Inflation Reduction Act energy incentives after the OBBBA
The IRA expanded federal clean energy incentives, introducing new credits and updating several existing provisions to encourage investment in low-emissions energy, clean manufacturing, and energy efficiency. However, the OBBBA materially revised that framework. Under current law, several IRA-era business energy tax credits are now restricted, accelerated toward phaseout, or subject to tighter eligibility and compliance requirements. As a result, the IRA’s original 10-year incentive horizon no longer applies uniformly across all credits.
While certain clean energy incentives remain available, businesses must evaluate each credit individually, considering shortened credit lifespans and changed credit values.
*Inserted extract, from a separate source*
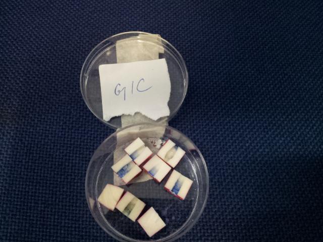 Objectives: To measure potential leakage at dentin/sealant interface. Methods: Total 16 elephant tusk dentine samples were cut in such a direction that the dentinal tubules were running in a horizontal direction. Samples were 10 mm long and 10 mm in diameter with canal of 3 mm in depth. Canals were prepared by barbed broaches under normal saline irrigation and then dried with paper points. Dentine samples were then divided into two groups with eight samples each. Mineral trioxide was mixed and dentine samples of group 1 were filled. Glass ionomer cement was then mixed and dentine samples of group 2 were filled. All the samples of group 1 and group 2 were left in the storage container for 24 hours to allow for effective setting of material. After 24 hours sample surfaces were coated with a double layer of nail varnish. Then prepared samples were suspended with the aid of dental floss in methylene blue dye 1% solution for 72 hours, at a constant temperature of 37 ̊C. Samples were suspended to allow easy penetration of dye solution through diffusion. Samples were not immersed fully into methylene blue dye solution because in this way a dye cannot penetrate properly. The coats of nail varnish were then removed by scraping it off with a scalpel blade. Then 8 dentine samples filled with mineral trioxide aggregate and 8 dentin samples filled with glass ionomer were embedded in impression compound and were cut longitudinally with a lathe cut machine and endodontic sealer was removed from canal. Each sample was examined under stereomicroscope to examine dye penetration. Dye penetration was than measured in millimeter (mm). Maximum point up to which dye penetrated on the sample was marked and measured remaining part of the sample in which dye did not penetrated.Paired ‘T’ test was used for statistical analysis to calculate the mean, standard deviation and p values. Results: Results of both groups showed that mineral trioxide aggregate showed more microleakage (more dye penetrated) than glass ionomer cement. Conclusions: Within the limitation of this study it has been concluded that both materials showed microleakage but glass ionomer cement showed less microleakage and good sealing ability as compare to mineral trioxide aggregate.

The OBBBA also preserved but narrowed the monetization mechanisms introduced under the IRA, including credit transferability and direct pay, so careful structuring and documentation are essential.
Eligible activities under the remaining federal clean energy incentives may include:
- Investments in zero emission electricity generation (such as solar and wind)
- Advanced nuclear power
- Hydrogen production
- Carbon capture and sequestration
- Clean transportation fuels
- Sustainable aviation fuel
- Qualified energy-efficient improvements to commercial buildings
However, availability and benefit levels now depend on credit-specific statutory limitations, prevailing wage and apprenticeship requirements, domestic content rules, applicable phaseout limitations, and foreign entity of concern limitations.
Given these limitations, tax planning must reflect the post-OBBBA Internal Revenue Code (IRC) provisions, Treasury regulations, and IRS guidance governing each credit.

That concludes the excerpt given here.